Helen Keller was born in 1880, in northern Alabama.  When she was only 19 months old, she was struck by disease which left her both blind and deaf.  She lived the first six years of her life in a lonely dark, and frustrating world.  The frustration was due to the fact that she could not communicate.  Her only way of communication was a few nods of the head, and pushes and pulls used to tell others what she needed.  Because of her great frustration she was very ill behaved.  Until the spring of 1887 when her teacher Anne Sullivan arrived.
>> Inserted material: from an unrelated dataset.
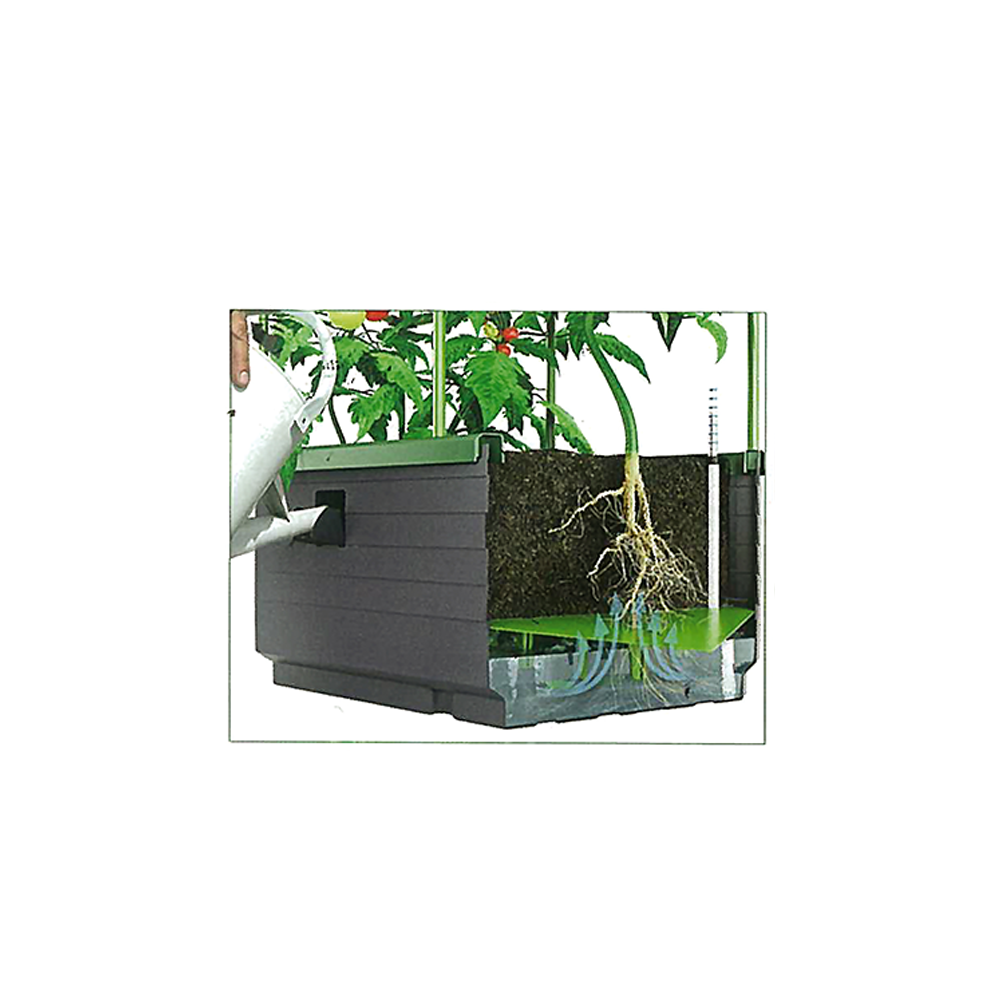 Mini grădină: ideală pentru terase și balcoane. Prevăzută cu sistem de dozare a apei. Este ideală pentru tomate, zucchini sau orice fel de plante cățărătoare. Dimensiuni 128 x 62 x 33 cm.

Anne Sullivan was sent from Boston to teach Helen to communicate.  At first, Helen was confused about the different finger-made letters.  She found it difficult to make the connection between objects and the words formed by the finger-made letters.  One day Helen and Ms. Sullivan went for a walk, they stopped by a water fountain.  Ms. Sullivan spelled the word water into Helen’s hand, while at the same time Helen’s other hand was feeling the flowing water.  This time Helen made the connection.  This opened so many new doors, and that was only the beginning of her new life.

Helen learned to communicate, to behave properly, and also to read.  She had nearly freed herself from her prison of darkness.  But she still wanted the ability to speak, not just through her hands, she wanted to speak words from her mouth.  In 1890 Ms. Fuller taught her to speak.  Helen would hold her hand on Ms. Fuller’s mouth, Helen would feel the movements of the mouth and tongue.  After much learning Helen spoke her first sentence, “It is warm.”

Those were not the only key incidents that led to her freedom, but I believe they were the most important.